Detecting Biological Locomotion in Video: A Computational Approach

TL;DR

This paper introduces a computational method to detect biological locomotion in videos by analyzing distinctive motion signatures like asymmetric oscillation and motion dissimilarity, outperforming alternative approaches.

Contribution

The paper presents a novel algorithm for biolocomotion detection and provides a new dataset with annotations for biological and non-biological objects in natural settings.

Findings

The proposed algorithm significantly outperforms the alternative learning-based method.

Biolocomotion can be reliably detected using motion signatures like asymmetric oscillation.

A new dataset with annotations for biological locomotion is introduced.

Abstract

Animals locomote for various reasons: to search for food, find suitable habitat, pursue prey, escape from predators, or seek a mate. The grand scale of biodiversity contributes to the great locomotory design and mode diversity. Various creatures make use of legs, wings, fins and other means to move through the world. In this report, we refer to the locomotion of general biological species as biolocomotion. We present a computational approach to detect biolocomotion in unprocessed video. Significantly, the motion exhibited by the body parts of a biological entity to navigate through an environment can be modeled by a combination of an overall positional advance with an overlaid asymmetric oscillatory pattern, a distinctive signature that tends to be absent in non-biological objects in locomotion.
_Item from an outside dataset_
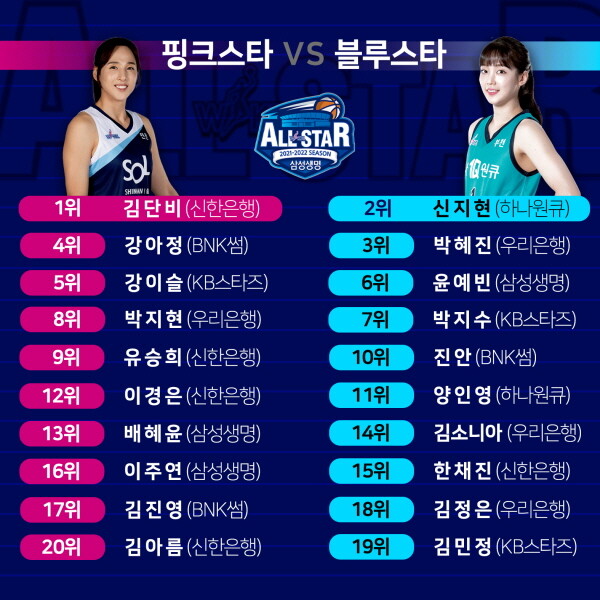 WKBL은 11월 24일부터 12월 13일 14시까지 진행한 ‘삼성생명 2021~2022 여자프로농구’ 올스타 팬 투표 결과를 발표했다.

We exploit this key trait of positional advance with asymmetric oscillation along with differences in an object's common motion (extrinsic motion) and localized motion of its parts (intrinsic motion) to detect biolocomotion. An algorithm is developed to measure the presence of these traits in tracked objects to determine if they correspond to a biological entity in locomotion. An alternative algorithm, based on generic features combined with learning is assembled out of components from allied areas of investigation, also is presented as a basis of comparison. A novel biolocomotion dataset encompassing a wide range of moving biological and non-biological objects in natural settings is provided. Also, biolocomotion annotations to an extant camouflage animals dataset are provided. Quantitative results indicate that the proposed algorithm considerably outperforms the alternative approach, supporting the hypothesis that biolocomotion can be detected reliably based on its distinct signature of positional advance with asymmetric oscillation and extrinsic/intrinsic motion dissimilarity.